A flower with red petals. A paisley in neon. A woman jumping with joy. A man in red turtleneck and blue jeans. A mushroom with polka dots.

Revisiting the Berlin Wall

A Berlin Wall memorial



Preeti Verma Lal

A flower with red petals. A paisley in neon. A woman jumping with joy. A man in red turtleneck and blue jeans. A mushroom with polka dots. A house with red roof and yellow windows. In Berlin, a wall stands painted in vibrant hues. But this is no ordinary wall doubling up as canvas for graffiti artists with spray cans in hand. This wall killed freedom. It had many bleed. It was a symbol of Cold War. A near-insurmountable 11.8 ft high wall stretching 155 km around West Germany, of which 43.1 km cut through the belly of East and West Berlin. The German Democratic Republic (East Germany) that started building the wall on August 13, 1961, named it Anti-Fascist Protection Rampart; the West Berlin government referred to it as the ‘Wall of Shame’.

Remnants of the Berlin Wall that physically and ideologically divided Berlin from 1961 to 1989 still stands chipped and hammered. Since November 1989 when the wall was officially opened, tourists can walk around freely with no fear of gun-totting guards manning 302 watch towers, the menacing death strip, anti-vehicle trenches and ‘fakir beds’ (an oblong bed-size piece of wood with nails pointing upwards). Even 28 years after the opening of the Wall, Berlin has not forgotten the fiendish wall — between 1961 and 1989, nearly 5,000 persons attempted to escape over the wall with an estimated death toll of 200 in and around Berlin.

Most of the Berlin Wall was officially demolished between 1990 and 1992 but parts of it can still be found in Old St Hedwig Cemetery, Bose brucke, East Side Gallery, Berlin Wall Memorial, Gutspark Glienicke, Invalidenfriedhof, Mauerpark, Puschkinallee, Potsdamer Platz, Topography of Terror.
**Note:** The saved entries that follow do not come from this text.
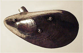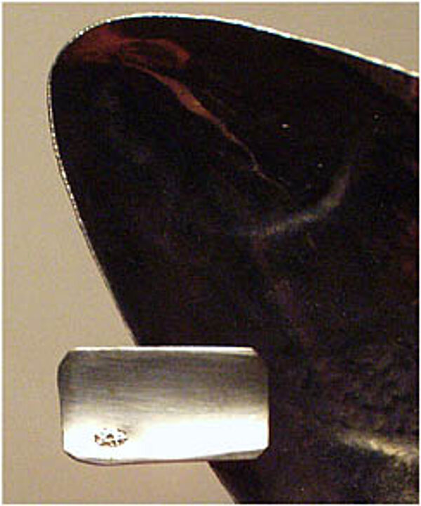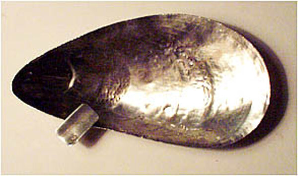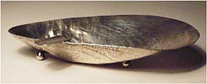 Handgearbeiteter Silberkorpus (nicht gepunzt, aber geprüft) in fein bzw. realistisch ausgearbeiteter Muschelform auf drei Kugelfüßen. Asymmetrisch aufgebrachte Zigarettenablage; Länge ca. 11 cm, Höhe ca. 2 cm. Ungeputzter Zustand mit leichter Patina. Ungedeutete Markung (5-eckiger Stern bzw. Davidstern). Evtl. Israel der 1950er Jahre?
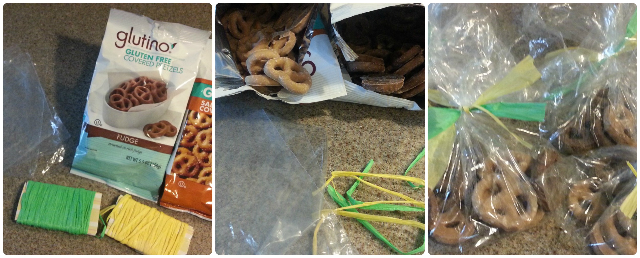 How To: I opened each bag and counted out 5 of each flavor. I took 4 plastic bags and cut 4 green and 4 yellow raffia into 5 inch sections. I placed 5 pretzels of each flavor in the bag and the tied the bag with one green and one yellow tie. I chose to place my completed bags into the freezer for a cool easy treat to take on road trips.
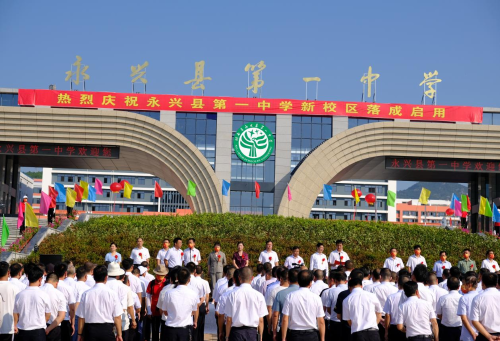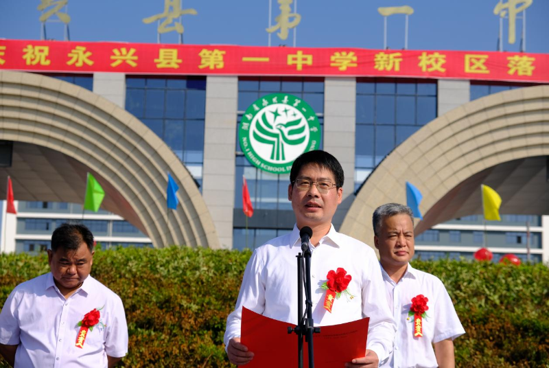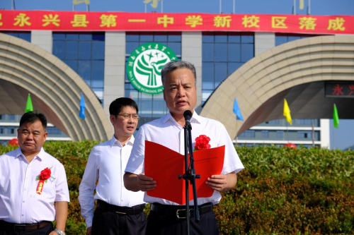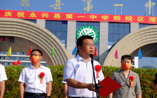揭牌儀式首先由永興一中校長(zhǎng)胡兆文致辭。他指出,永興一中項(xiàng)目建設(shè)是造福當(dāng)?shù)匕傩盏囊豁?xiàng)重大民生工程,是功在當(dāng)代,利在千秋的一件大事。他希望學(xué)生們心懷天下做有家國(guó)情懷的人,意志堅(jiān)韌做積極進(jìn)取的人,心胸開闊做陽(yáng)光大度的人,心存善意做助人為樂的人。最后,他祝學(xué)生們?cè)谛碌膶W(xué)校快樂成長(zhǎng)。

The East Side Gallery that runs along River Spree is the longest extant section of the Wall (1.3 km) and the eastern side of the Wall was painted by 118 artists from 21 countries. 

Not too far from the East Side Gallery is Checkpoint C, commonly referred to as Charlie Checkpoint, a single crossing point (by foot or by car) for foreigners and members of the Allied Forces. Now located in the Allied Museum in Berlin’s Dahlem neighbourhood, Checkpoint Charlie is a grim reminder of the past. A Charlie Checkpoint Black Box repeats the 28-year-old history of the crossing point between East and West Berlin. The Gallery Walls, along Friedrichstarbe and the Zimmerstrabe, detail the escape attempts, expansion of the checkpoint and black and white photographs of world leaders at Checkpoint C. The original guard house with sandbags is no longer there but memories of the Checkpoint come alive with actors dressed as allied military policeman posing with tourists for a fee. Charlie souvenir shops have proliferated and one can even buy pieces of the Berlin Wall. In Octopussy, James Bond (played by Roger Moore) passed through Checkpoint Charlie.

On June 12, 1987, US President Ronald Reagan said: Mister Gorbachev, Tear Down This Wall. The Russian President did not tear down the wall. People did. And the world is better without the Berlin Wall.